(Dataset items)
========================

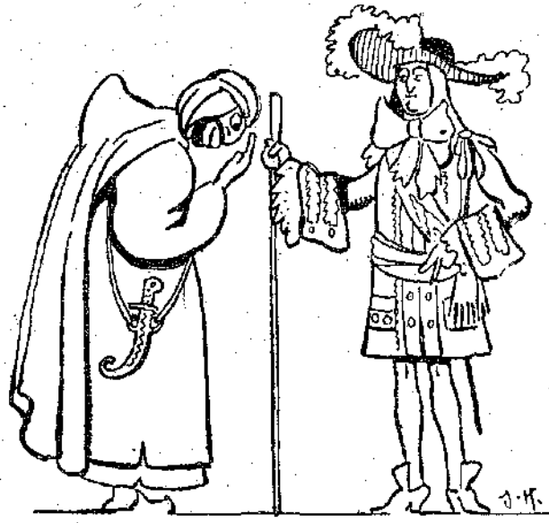
«Ἐγινε δεκτικὸς στὸ παλάτι τῶν Βερσαλλίων...» (Σελ. 470, στ. α'.)

Ἀρχαιότατοι, συστηματικοὶ θαλασσοπόροι ἦταν οἱ Φοίνικες. Ὁ φανερὸς σκοπὸς τους ἦταν τὸ ἐμπόριον. Ἀλλὰ στὸ βῆθος ἦταν κοινότατοι πειρατῆς ποὺ δὲ δισταζαν διόλου νὰ ἠστέψουν παράλλους πόλεις ἢ νὰ κρατήσουν αἰχμαλωτοὺς τοὺς ἐμπόρους, ποὺ συναλλάσσαν μαζί τους. Στους χρόνους ἐκείνους, ἐμπόριο καὶ πειρατεία
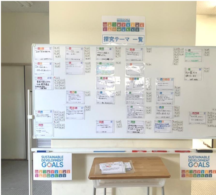
【アクション・プラン一覧】
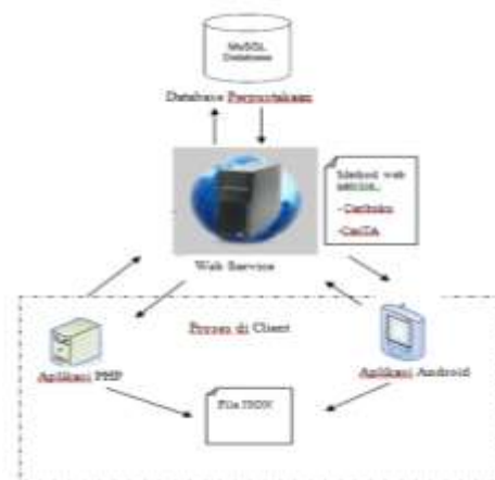
Gambar 1. Arsitektur Sistem Pada Perpustakaan

Pada perancangan aplikasi web-service Perpustakaan ini web service digunakan untuk melakukan pencarian buku dan tugas akhir yang masing-masing mempunyai method atau fungsi. Kelas pencarian buku mempunyai method caribuku yang berfungsi untuk mencari buku berdasarkan kriteria yang dikirim dari client. Method ini akan meminta masukan/ input judul,pengarang dan penerbit yang akan di-cek oleh aplikasi kemudian akan diberikan keluaran/ output nilai dalam bentuk JSON. Pada Kelas pencarian tugas akhir mempunyai method cariTA yang berfungsi untuk mencari tugas akhir berdasarkan kriteria yang dikirim dari client. Method ini akan meminta masukan/ input judul dan jurusan yang akan di-cek oleh aplikasi kemudian akan diberikan keluaran/ output nilai dalam bentuk JSON. Arsitektur sistem perpustakaan disajikan pada gambar 1.
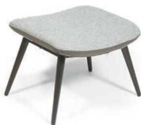
NICA HOCKER zweifarbige Polsterung Material kundenseits 55 47 41
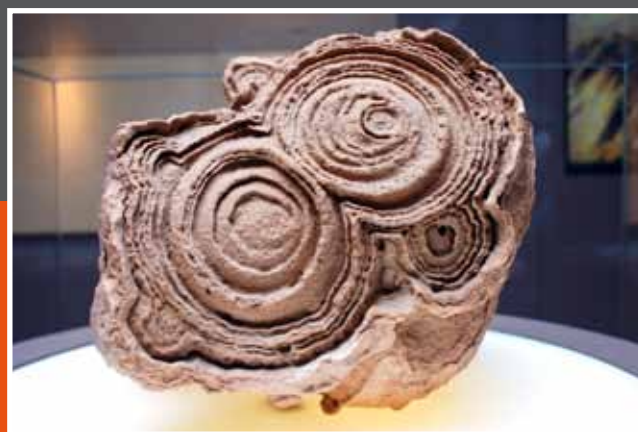
Stromatolieten (eerste levende cellen)
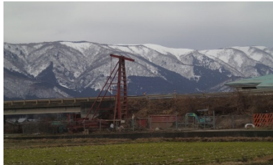
▲高島地区水源地調査業務 施工者：(株)建設技術研究所 大阪本社
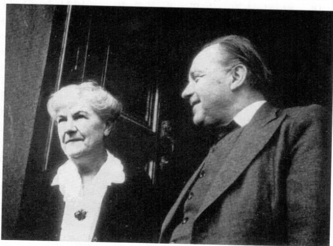
Das letzte Bild von Tilly und Aloys Fleischmann, Cork ca. 1960.

Aloys Fleischmann junior komponierte 50 Werke, 46 von denen alle in Irland, einige auch in England, Deutschland und Amerika aufgeführt wurden. Sein Hauptinteresse als Musikhistoriker bildete die traditionelle irische Musik. 47
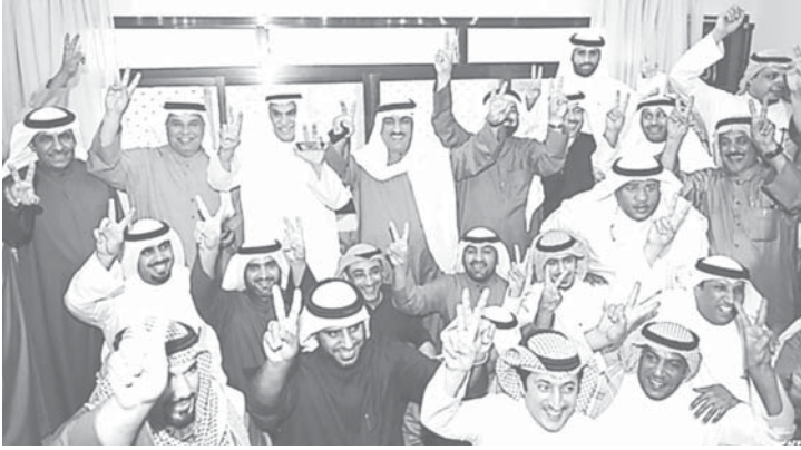
الرئيس السعدون والنائب البراك والمحامي الجاسم مع بعض شباب المعارضة يرفعون شارة «النصر»
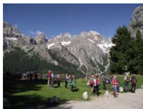
Dolomiti di Brenta-Cima Croz
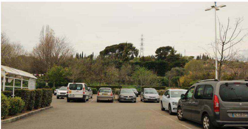
Date de prise de vue : 12 avril 2019
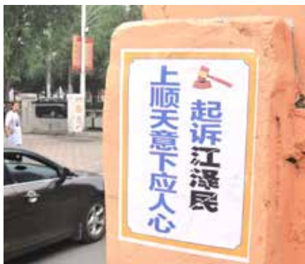
大陆街道的真相标语

故事四：一位法轮功学员告诉他的哥哥，他已经将控告江泽民的控告书邮寄到最高检察院。他哥哥说：“好呀，赶快把这个家伙审判了吧，再不审，这老家伙该死了。”他哥哥还说：“你们人多，又齐心，一定行！到时全国该放鞭炮了。”◇
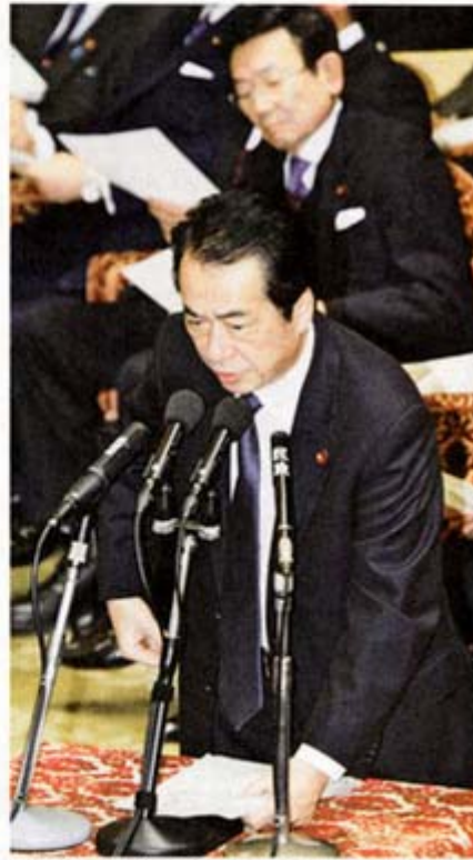
衆院予算委員会で民主党の小沢元代表の強制起訴について問われ、険しい表情で答弁する菅首相

「首相も『終わりの始まり』？」 「脱小沢」路線を進めてきた首相は代表選前に一度は「トロイカ復活」に傾くが、検察ロイカ復活」に傾くが、検察の審査会の2度目の議決後は再び強硬路線に転換、1月4日 「首相は代表選前に一度は「トロイカ復活」に傾くが、検察の審査会の2度目の議決後は再び強硬路線に転換、1月4日 「首相は代表選前に一度は「トロイカ復活」に傾くが、検察の審査会の2度目の議決後は再び強硬路線に転換、1月4日
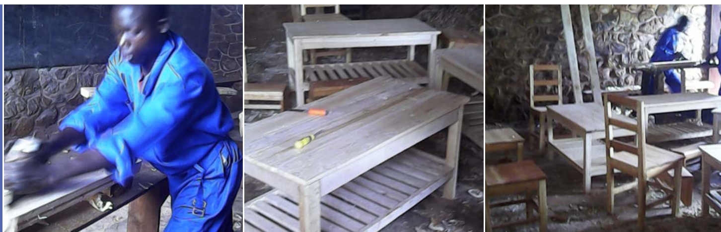
De kandidaten tijdens de opleiding timmeren en hun eerste start met inkomsten genereren
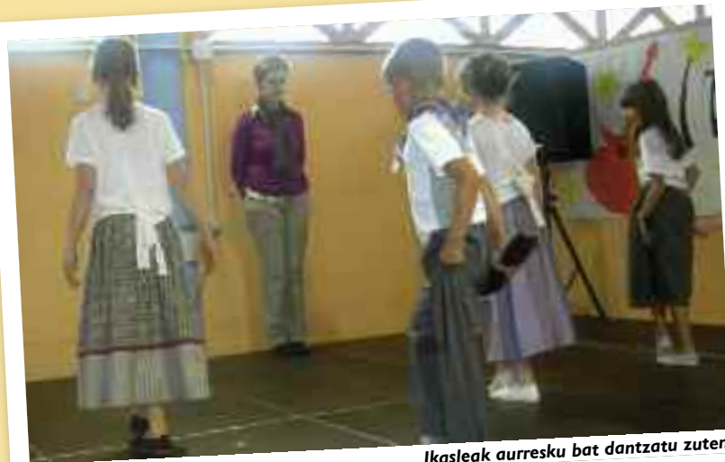
Ikasleak auresku bat dantzatu zuten.
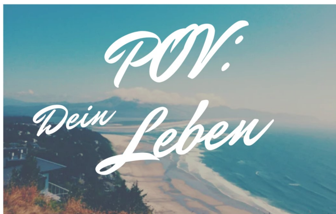
FIRMUNG 2024 IN DER PFARREI ST. NIKOLAUS WESEL
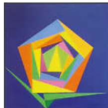
Vernissage „Frühlingsgefühle“ Foto: E. Nüchtern

Farb-Kunst bringt Frühling ins Begegnungszentrum. Leuchtend, strahlend, farbenfroh sind die Bilder von ELISABETH NÜCHTERN.
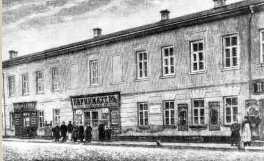
Дом на Немецкой улице в Москве, где родился А.С.Пушкин С фотографии конца XIX века

Отец его, Сергей Львович (1771 -1848 ), происходил из помещичьей, когда-то богатой семьи.
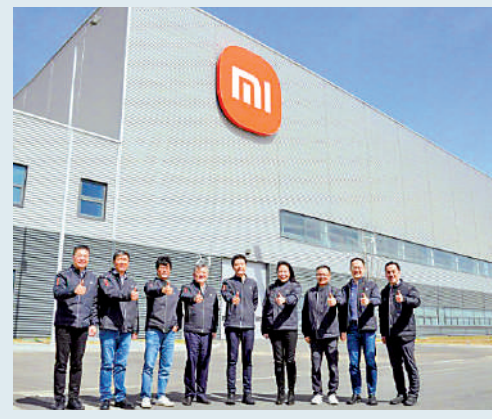
▲雷軍(中)與董事會參觀小米汽車超級工廠。

對於被指測試車輛在京滬高速路段出現路徑通行數據異常，小米發言人回應指，相關結論存在嚴重偏頗，強調測試過程中小米汽車並不存在在高速上違規掉頭、超速行駛、逃漏高速的通行費等違規情況。
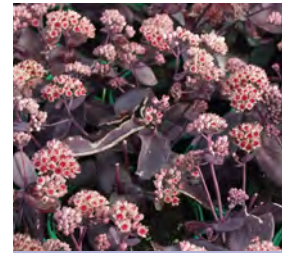
Sedum telephium, rotlaubig Hohe Fetthenne

Blüthenhöhe: 30-50 cm Blütezeit: Aug-Sept
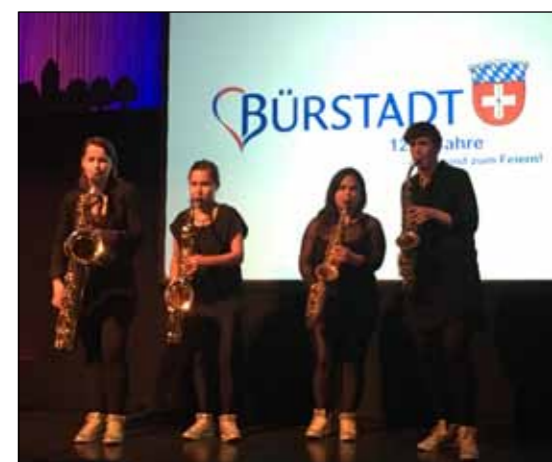
Soirée de clôture à Bürstadt, la musique en prime !
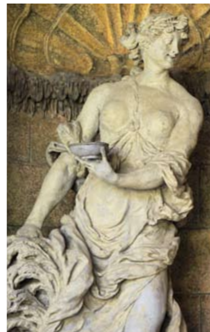
▲ Démétér, Vrtbovská zahrada.

Hermés Trismegistos, Stolcius, Viridarium Chymicum, 1624.
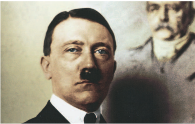
Hitler példaképei: Otto von Bismarck (fent) és Erich Ludendorff (lent)
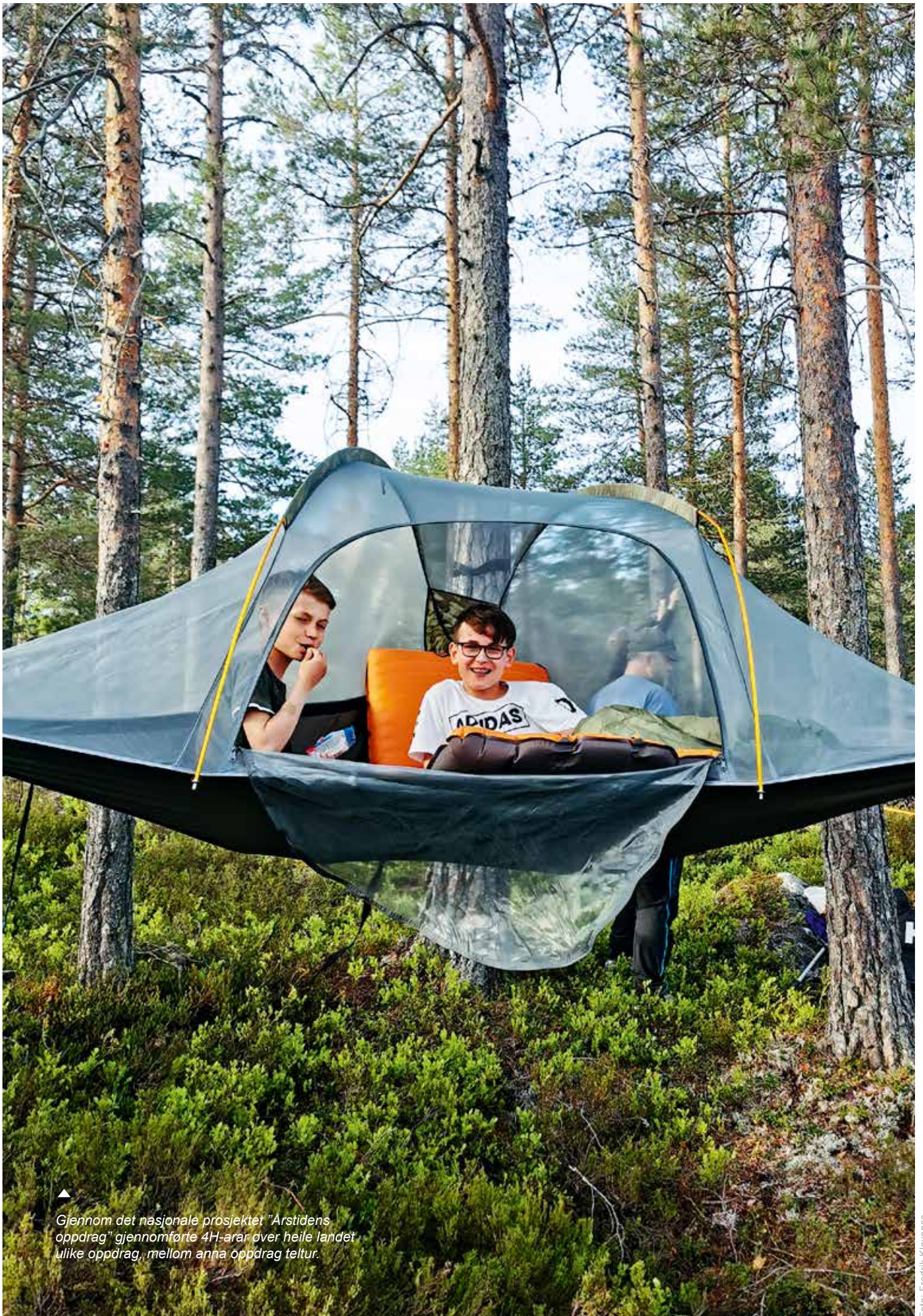
▲ Gjennom det nasjonale prosjektet "Arstidens oppdrag" gjennomførte 4H-arar over heile landet ulike oppdrag, mellom anna oppdrag teltur.
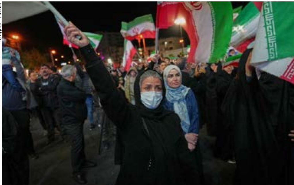
Unidade do povo iraniano foi decisiva para a vitória sobre a agressão de Trump
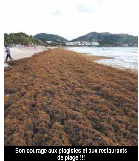
Bon courage aux plagistes et aux restaurants de plage !!!

Du côté de l'Etat, on nous confirme le soutien toujours en cours envers le centre Symphorien d'insertion, à travers une vingtaine de contrats aidés pour former les brigades vertes qui effectuent le ramassage des sargasses. La Préfecture informe par ailleurs qu'une campagne de communication est en cours de réalisation, notamment à l'endroit des restaurateurs situés sur la plage de la Baie Orientale, fortement impactée, afin que chacun procède à un nettoyage en profondeur de leur site. La Collectivité à qui revient la compétence de l'environnement, mais aussi celles de l'économie et du tourisme, des secteurs directement impactés par ce fléau, n'a pour l'heure fait aucune communication sur cette nouvelle vague de sargasses. Contacté également, l'Agence Régionale de la
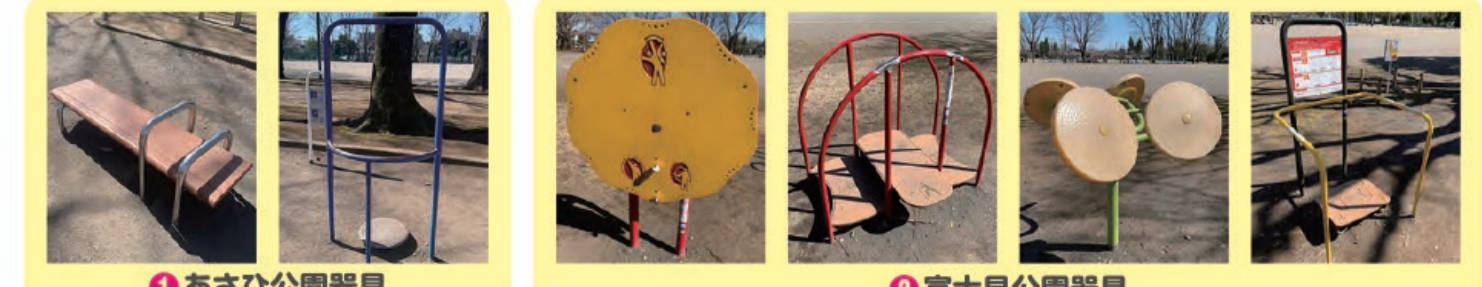
1 あさひ公園器具 2 富士見公園器具

「健康器具」は、筋肉トレーニングやストレッチなど日常生活での健康づくりを主な目的として設置されている遊具です。ウォーキングの合間にぜひ活用し、より健康な身体を目指しましょう。
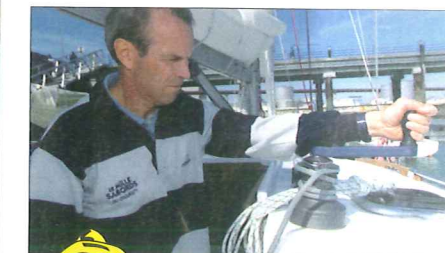
Les winches de drisse sur l'arrière du rouf sont trop hauts pour bien travailler.
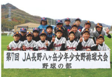
第7回 JA長野八ヶ岳少年少女野球大会 野球の部
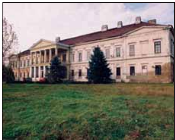
33. Dvorac Karačonji u Novom Miloševu

========================

• _TASK STATEMENT_: From the opening line of the entries above to the line that holds "Gambar 1. Arsitektur Sistem Pada Perpustakaan", inclusive, reproduce each line exactly and omit any picture.

• _RESULT OF THIS EXERCISE_:
«Ἐγινε δεκτικὸς στὸ παλάτι τῶν Βερσαλλίων...» (Σελ. 470, στ. α'.)

Ἀρχαιότατοι, συστηματικοὶ θαλασσοπόροι ἦταν οἱ Φοίνικες. Ὁ φανερὸς σκοπὸς τους ἦταν τὸ ἐμπόριον. Ἀλλὰ στὸ βῆθος ἦταν κοινότατοι πειρατῆς ποὺ δὲ δισταζαν διόλου νὰ ἠστέψουν παράλλους πόλεις ἢ νὰ κρατήσουν αἰχμαλωτοὺς τοὺς ἐμπόρους, ποὺ συναλλάσσαν μαζί τους. Στους χρόνους ἐκείνους, ἐμπόριο καὶ πειρατεία
【アクション・プラン一覧】
Gambar 1. Arsitektur Sistem Pada Perpustakaan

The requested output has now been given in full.